The ACS is being introduced according to the following schedule:

  • 1996-1998 A demonstration period in selected sites (4 sites in 1996, 8 in 1997, and 9 in 1998).
  • 1999-2001 Thirty-seven "comparison sites" representing diverse areas around the country, with a 5 percent annual sample so that 1999-2001 averages can be compared to 2000 long form data for even small areas such as census tracts.
  • 2000-2002 A national comparison sample with a 0.7 percent annual sample for further comparisons with the census long form. This sample will have some clustering in rural areas.
  • 2003-later The full ACS with an unclustered systematic sample of about 3 million addresses per year, spread across all counties.
  • 2010 There will be no long form survey attached to the decennial census, since the ACS data will have replaced it.

Although the ACS will have the same basic content and data collection modes as the census, there are some methodological differences. The most important is that the ACS data are collected throughout the year, including each person at his/her current residence at the time of interview. The census collects data in the few months after census day, counting each person at his/her "usual" residence as of census day.

There inevitably will be differences in the nature of "nonsampling error" in the two surveys, due to differences in coverage, interviewer training, unit nonresponse rates, and completeness of the collected data. These differences are discussed in Alexander (1997) and in some of the research described in the next section. Although these differences are important to methodologists in trying to understand and improve the quality of the survey, initial indications are that these differences will have relatively minor impact on users of the data.

II. GENERAL RESEARCH UPDATE

"Last year’s" research on the ACS focused on initial reviews of data from the 1996 test sites by "local experts" familiar with those sites. This research focused on comparisons to the 1990 census and on examining basic survey performance measures such as response rates, sampling error measures, and coverage ratios. Although some improvements in the survey were suggested, there were no disturbing surprises. This kind of study will be repeated with 1997 data. The studies will go deeper in some respects, including comparison of the ACS estimates to administrative sources in some sites.

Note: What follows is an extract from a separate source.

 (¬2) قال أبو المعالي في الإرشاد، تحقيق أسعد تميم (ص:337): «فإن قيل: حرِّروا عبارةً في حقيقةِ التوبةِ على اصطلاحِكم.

Some new research has been completed this year:

  • There was a test comparing different reference periods for the income questions (Welniak and Posey, 1998). After reviewing the results, we will continue to ask about income for "the last 12 months" rather than "the last calendar year."
  • There was a study of vacancy rates, which appear to be slightly lower for the ACS than for census procedures; several possible explanations were offered.
  • Procedures for interviewing in group quarters were tested, and will be implemented for 1999.
  • There was a small cognitive laboratory study of respondents’ understanding of the ACS residence rules. This led to simplified instructions to define "current residence" and to ideas for future research.
  • Based on analysis of the 1996 results, new questions on seasonal occupancy were added for 1998. These are needed to reconcile the ACS residence rule with intercensal population estimates.
  • There was further work on weighting and variance estimation, using 1996 and 1997 ACS data, which was reported in Session 32 at these meetings.

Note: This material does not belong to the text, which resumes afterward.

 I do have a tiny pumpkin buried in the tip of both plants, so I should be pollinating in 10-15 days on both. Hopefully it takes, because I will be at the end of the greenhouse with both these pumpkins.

III. MULTI-YEAR ACS DATA: BACKGROUND

The main focus of this paper is our evolving understanding of some of the issues related to using multiyear averages from the ACS. This includes 1) interpreting and using multiyear averages for describing and comparing areas, 2) use of multiyear averages to measure "need" for funding allocations, and 3) the likely uses of ACS data on changes and trends.

In the documentation for our data products, we have recommended that for basic descriptive statistics for small areas (or domains), data users should cumulate several years of data depending on the population of the area. Our recommendations are:

Table 1

Length of Average Recommended Size Cutoff
1 year > 65,000 population
2 years > 30,000 population
3 years > 20,000 population
4 years > 15,000 population
5 years < 15,000 population

The cutoffs correspond to a 12 percent coefficient of variation for a 10 percent estimate with a "typical" design effect. One-year estimates will be available for all size categories, but the averages are recommended to give sufficient precision.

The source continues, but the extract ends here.